Particles whose shapes couple translation to rotation display a rich array of behaviors as they sediment at low Reynolds number. We introduce a unifying perspective in which the possible dynamical regimes and bifurcations between them can be understood. We use experimental measurements of helical ribbons, with controlled center of mass offsets, to identify the key bifurcation from complex dynamics to a single attracting state as the magnitude of the offset increases. The sedimentation dynamics are very sensitive to small center of mass offsets, with the bifurcation occurring for offsets less than one percent of the particle length. Using mobility tensors obtained from immersed boundary method simulations, we simulate helical particle sedimentation and identify an alignment bifurcation surface, defined in the three dimensional space of center of mass offsets, that separates simple from complex sedimentation dynamics. Inside this surface we find limit cycles which emerge through Hopf and homoclinic bifurcations. Cocentered particles with coincident centers of force and mobility provide a reference case at the center of the bifurcation surface. We show how the geometric and dynamical symmetries of sedimenting cocentered particles are broken as the center of force offset moves away from the cocentered case. Three parity time-reversal (PT) symmetries exist for all cocentered particles under reflections normal to the eigenvectors of its translation-rotation coupling tensor. When a center of force offset preserves at least one of these PT symmetries, then there are closed orbits for particles inside the alignment bifurcation surface.

Paper Structure

This paper contains 33 sections, 45 equations, 11 figures.

Figures (11)

  • Figure 1: Spatial trajectories of five helical ribbons with identical shape and initial orientation. Panels show (a) top and (b--c) side views, with trajectories distinguished by color. The red trajectory is that of an idealized cocentered particle (of length $L$), while the rest have a center of mass offset of $0.002L$ in 4 randomly chosen directions. All particles are initialized with $\hat{\mathbf y}$ aligned with gravity, corresponding to Euler angles $(\theta,\psi)=(0,\pi/2)$.
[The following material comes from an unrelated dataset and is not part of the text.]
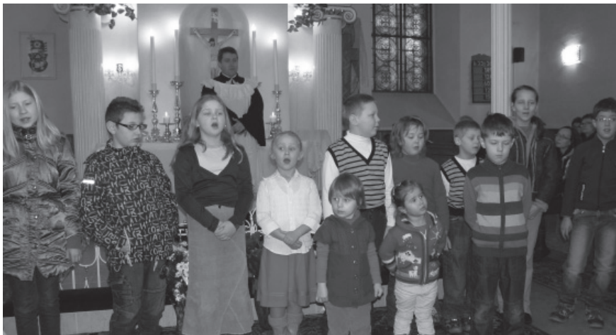
Kristus vstal z mŕtvych, Haleluja!

Aj nad tým sme uvažovali počas veľkonočných slávnostných služieb Božích. Počas tomu nenasvedčovalo, veď Veľkú noc pod snehovou perinou už dávno nik z nás neprežíval. Napriek tomu nás vo vnútri hrialo teplo Božej lásky.
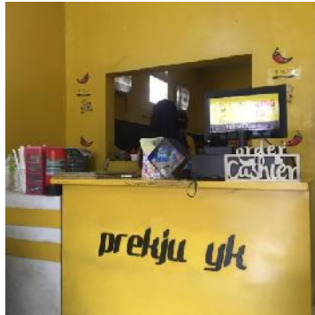
(Cabang Kusuma Negara)

  • Figure 2: Orientation dynamics of a cocentered particle. (a) gravity vector trajectories in the particle's body coordinate system (b) Euler angles of tilt ($\theta$) and spin ($\psi$). Yellow circles are centers. Green diamonds are saddles. Planes of parity-time reversal symmetry are labeled according to their normal vector in body coordinates, which is the center of mass offset direction under which the symmetry is preserved: (green) $\hat{x}$ plane, (blue) $\hat{y}$ plane, (red) $\hat{z}$ plane. In the phase plane, yellow bars at $\theta=0$ and $\theta=\pi$ correspond to the centers along $\hat{z}$ which are stretched into lines by the mapping.
  • Figure 3: Helical ribbons with holes where metal spheres are epoxied to move the center of mass (COM) along principal axes. (a) COM offset in $x$ direction which is the intermediate axis (labeled by eigenvalues of $\mathbb{b}_m$). (b) COM offset in $y$ direction which is the minor axis. (c) COM offset in $z$ direction which is the major axis.
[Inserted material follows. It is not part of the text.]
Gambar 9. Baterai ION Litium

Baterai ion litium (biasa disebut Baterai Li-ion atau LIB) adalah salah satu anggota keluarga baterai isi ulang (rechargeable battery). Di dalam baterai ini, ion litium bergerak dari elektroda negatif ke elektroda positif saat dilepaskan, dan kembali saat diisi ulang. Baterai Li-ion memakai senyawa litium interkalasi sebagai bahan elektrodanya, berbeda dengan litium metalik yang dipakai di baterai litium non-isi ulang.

  • Figure 4: Increasing $y$ (minor axis) offset of the center of mass. (a) through (e) show experimental phase diagrams as the center of mass moves along the $y$ axis. (f) shows a bifurcation diagram of the tilt ($\theta$) position of the fixed points from numerical simulations. Saddles are green and centers are yellow. Vertical lines in (f) show the center of mass offset of each experimental data set.
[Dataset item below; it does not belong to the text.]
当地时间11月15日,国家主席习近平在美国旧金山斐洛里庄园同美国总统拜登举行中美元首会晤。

  • Figure 5: Increasing $z$ offset of the center of mass. (a) through (e) show experimental phase diagrams as the center of mass moves along the $z$ axis. (f) shows a bifurcation diagram of the spin ($\psi$) position of the fixed points from numerical simulations. Saddles are green and centers are yellow. Vertical lines in (f) show the center of mass offset of each experimental data set.